Exercise requirements: The lines below, from the one containing "Posljednjih 50 poslanih" through the one containing "以「幸福感知樹」勾勒出台灣流", should be set down exactly, with no pictures and nothing else.

Material for this exercise:
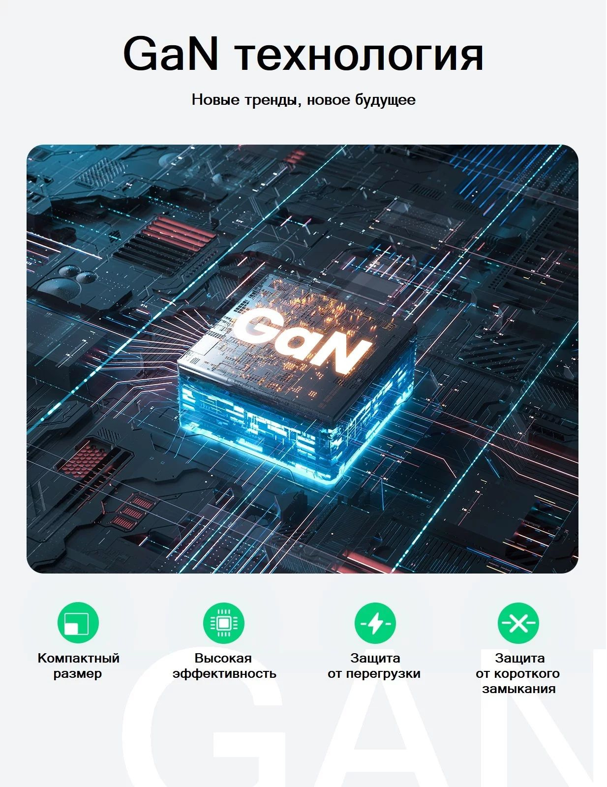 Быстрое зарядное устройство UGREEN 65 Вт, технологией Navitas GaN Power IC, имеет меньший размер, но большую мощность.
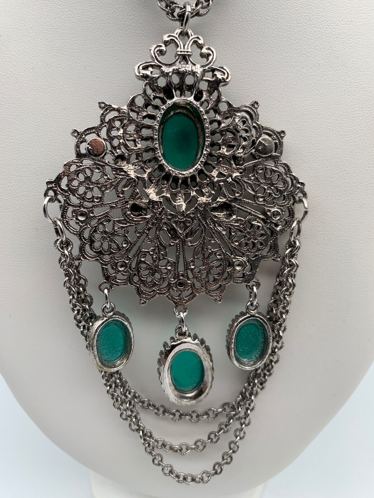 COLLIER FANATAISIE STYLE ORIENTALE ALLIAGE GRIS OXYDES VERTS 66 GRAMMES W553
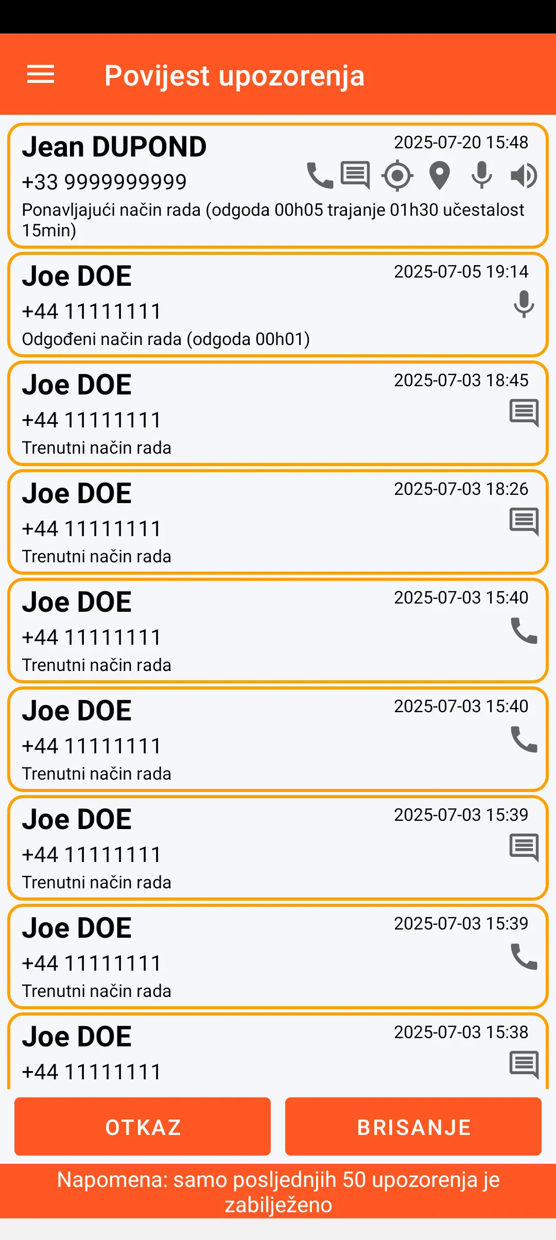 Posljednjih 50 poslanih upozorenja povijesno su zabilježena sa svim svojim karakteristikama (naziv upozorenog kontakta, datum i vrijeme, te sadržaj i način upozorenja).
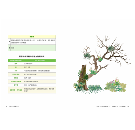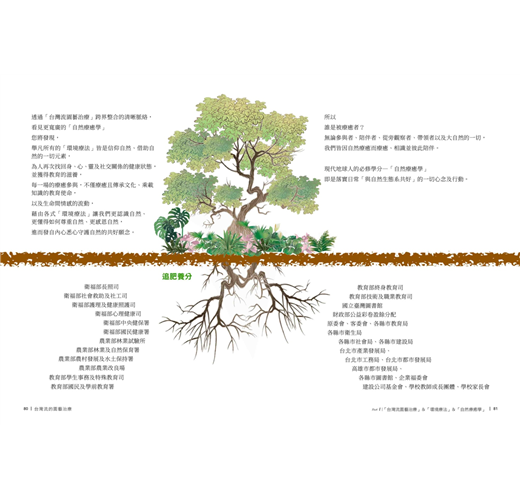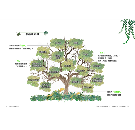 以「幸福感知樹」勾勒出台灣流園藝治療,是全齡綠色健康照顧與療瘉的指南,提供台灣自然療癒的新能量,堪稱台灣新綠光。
* * *
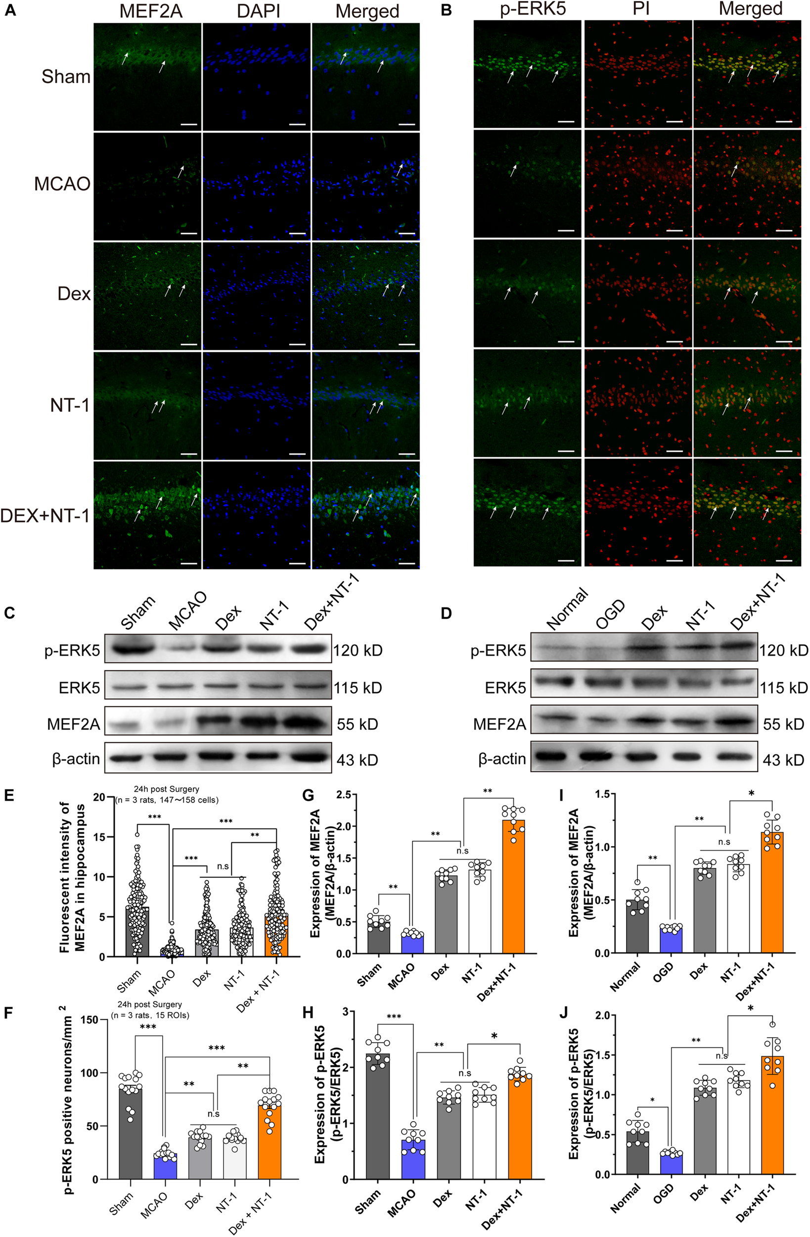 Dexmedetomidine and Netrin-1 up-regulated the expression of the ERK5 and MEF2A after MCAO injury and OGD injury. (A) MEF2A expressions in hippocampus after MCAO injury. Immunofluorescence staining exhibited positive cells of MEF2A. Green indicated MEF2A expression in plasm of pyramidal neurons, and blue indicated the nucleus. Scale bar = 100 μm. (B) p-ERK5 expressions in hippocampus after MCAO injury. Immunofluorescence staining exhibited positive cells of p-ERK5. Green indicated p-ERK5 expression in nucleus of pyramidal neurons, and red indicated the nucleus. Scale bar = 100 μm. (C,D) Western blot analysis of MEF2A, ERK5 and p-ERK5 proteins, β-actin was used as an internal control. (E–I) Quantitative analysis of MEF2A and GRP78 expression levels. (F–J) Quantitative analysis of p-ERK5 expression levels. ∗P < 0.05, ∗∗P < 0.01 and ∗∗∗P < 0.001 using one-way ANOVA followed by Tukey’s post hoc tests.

Answer to the problem:
 Posljednjih 50 poslanih upozorenja povijesno su zabilježena sa svim svojim karakteristikama (naziv upozorenog kontakta, datum i vrijeme, te sadržaj i način upozorenja).
 以「幸福感知樹」勾勒出台灣流園藝治療,是全齡綠色健康照顧與療瘉的指南,提供台灣自然療癒的新能量,堪稱台灣新綠光。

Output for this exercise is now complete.